Co-Authored-By: Claude Opus 4.7 (1M context) <noreply@anthropic.com>
2026-04-27 08:47:36 +02:00

47 lines
3.0 KiB
Markdown

# CLAUDE.md
This file provides guidance to Claude Code (claude.ai/code) when working with code in this repository.
## Commands
```bash
cargo build # Build the library
cargo test --lib # Run all library tests
cargo test --lib <test_name> # Run a single test by name
cargo test --lib -- --nocapture # Run tests with stdout output
cargo clippy # Lint
cargo bench # Run benchmarks (criterion)
```
The `approx` feature enables `approx::AbsDiffEq` for `Gaussian`:
```bash
cargo test --features approx
```
## Architecture
This is a Rust port of [TrueSkillThroughTime.py](https://github.com/glandfried/TrueSkillThroughTime.py) — a Bayesian skill rating system that tracks skill evolution over time using Gaussian message passing.
### Data flow
```
History → Batch[] → Game[] → teams/players
```
- **`History`** (`history.rs`) — top-level container. Organizes games by time into `Batch`es, runs forward/backward message passing across batches, and exposes `learning_curves()` and `log_evidence()`.

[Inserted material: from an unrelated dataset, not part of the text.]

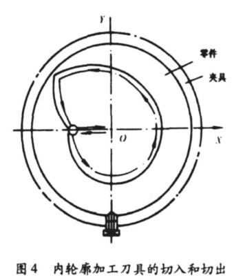 ④銑削內(nèi)槽封閉曲面的切入或切出不允許外延。這里可沿工件曲面的法線切入或切出 ,可能時 ,其切入和切出點最好選在工件輪廓曲面兩幾何元素的交點處 ,見圖 4。

- **`Batch`** (`batch.rs`) — all games at a single time step. Runs `iteration()` to update skill estimates via `Game::posteriors()`, collecting `Skill` distributions per player.
- **`Game`** (`game.rs`) — a single match. Given teams (slices of `Gaussian`), computes posterior skill distributions using Gaussian factor graphs and `message.rs` helpers.
- **`Agent`** (`agent.rs`) — wraps a `Player` with temporal state (`last_time`, `message`). `receive()` applies time-decay (`gamma`) when the player reappears after a gap.
- **`Player`** (`player.rs`) — static configuration: prior `Gaussian`, `beta` (performance noise), `gamma` (skill drift per time unit).
- **`Gaussian`** (`gaussian.rs`) — core probability type. Stored as natural parameters (`pi = 1/sigma²`, `tau = mu/sigma²`). Arithmetic ops implement message multiplication/division in the factor graph.
- **`message.rs`** — `TeamMessage` and `DiffMessage`: intermediate factor graph messages used inside `Game`.
- **`MarginFactor`** (`factor/margin.rs`) — Gaussian observation factor on a diff variable; engaged by `Outcome::Scored`.
- **`lib.rs`** — exports the public API (`Game`, `Gaussian`, `History`, `Player`) and standalone functions (`quality()`, `pdf()`, `cdf()`, `erfc()`). Also defines global defaults: `MU=0.0`, `SIGMA=6.0`, `BETA=1.0`, `GAMMA=0.03`, `P_DRAW=0.0`, `EPSILON=1e-6`, `ITERATIONS=30`.
### Key design points
- `History` uses `IndexMap<K>` (defined in `lib.rs`) to map arbitrary player keys to `Agent` state.
- Convergence is measured by the maximum `delta()` across all skill distributions; iteration stops when below `EPSILON` or after `ITERATIONS` rounds.
- The `approx` feature gates `AbsDiffEq` on `Gaussian` for use in tests — the feature is optional and only needed for approximate equality assertions.
- `time` in `History`/`Batch` is currently an `f64`; the README notes it needs to become an enum to support richer temporal states.